The British government sought to remove the Ugandan national to his homeland upon his release, however, the deportation was shut down by a judge, who found that it would breach human rights guaranteed under the European Convention on Human Rights (ECHR), which the UK is still bound by despite Brexit as it is technically a separate institution from the EU.
ZM’s lawyers successfully convinced a first-tier immigration judge that he suffers from mental illness and therefore it would be “inhumane” to send him back to Uganda as the African nation cannot provide the same level of care, the Daily Mail reports.
The decision to block the deportation was upheld by senior immigration judge Christopher John Hanson, who found that treatment for ZM’s condition was “either not available or not accessible” in his homeland.
“I find that if [ZM] was removed to Uganda there would be serious, rapid and irreversible decline in their state of health resulting in intense suffering or significant reduction in life expectancy.
“All of those factors lead me to conclude that there is a real risk of ill-treatment, capable of breaching [ZM’s] Article 3 rights, in the context of reception procedures in Uganda.”

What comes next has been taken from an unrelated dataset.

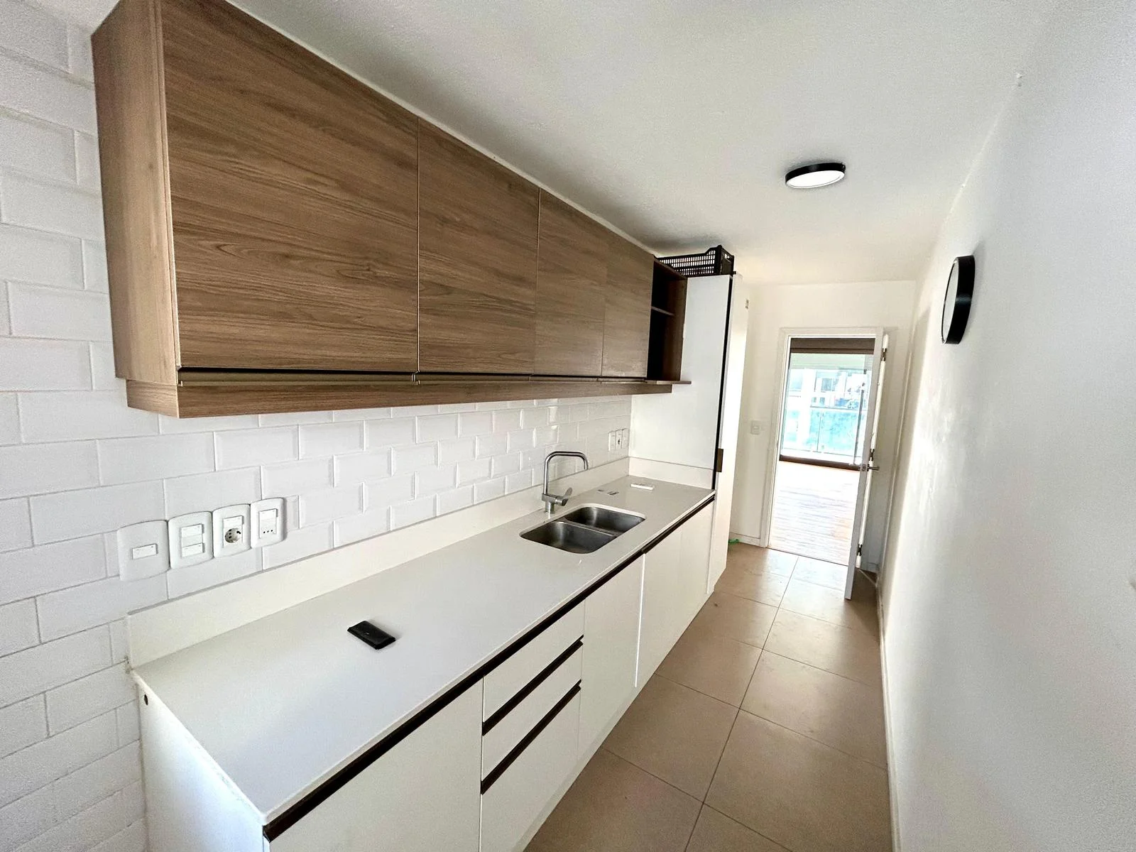 Cocina definida de grandes dimensiones con muebles aéreos y bajo mesada. Terraza lavadero.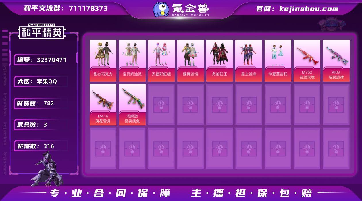 【稀有枪皮】AMR-智耀战神,AKS-74U-星穹咏叹调,MG3-辉羽雀灵,AUG-暖羊咩咩,Vector-最终圣卫者,P90-冷漠罗丽,蜜獾-荧海星豚,破片手榴弹-美味星星糖,DP-28-千金淑猫,Kar98K-巳巳如意,DP-28-豹影疾电,SCAR-L-魔童闹海 哪吒,AKS-74U-森灵之息,MK14-福马献瑞,M416风花雪月,AKM炫紫旋律,汤姆逊怪笑疯兔,SCAR-L纯梦嫁纱

Left-leaning judges in Britain have a long history of blocking deportations of foreign criminals. For example, in 2020, a deportation flight full of mostly Jamaican criminals, including a killer and a rapist, was blocked because they were briefly denied access to mobile phones while detained.
Later that year, a judge in Scotland ruled that a Taliban-tied terrorist could not be sent back to Afghanistan because he suffered from Post-Traumatic Stress Disorder (PTSD) from fighting in the war against Western allies — potentially including UK and American soldiers — and thus was entitled to receive free healthcare in Britain.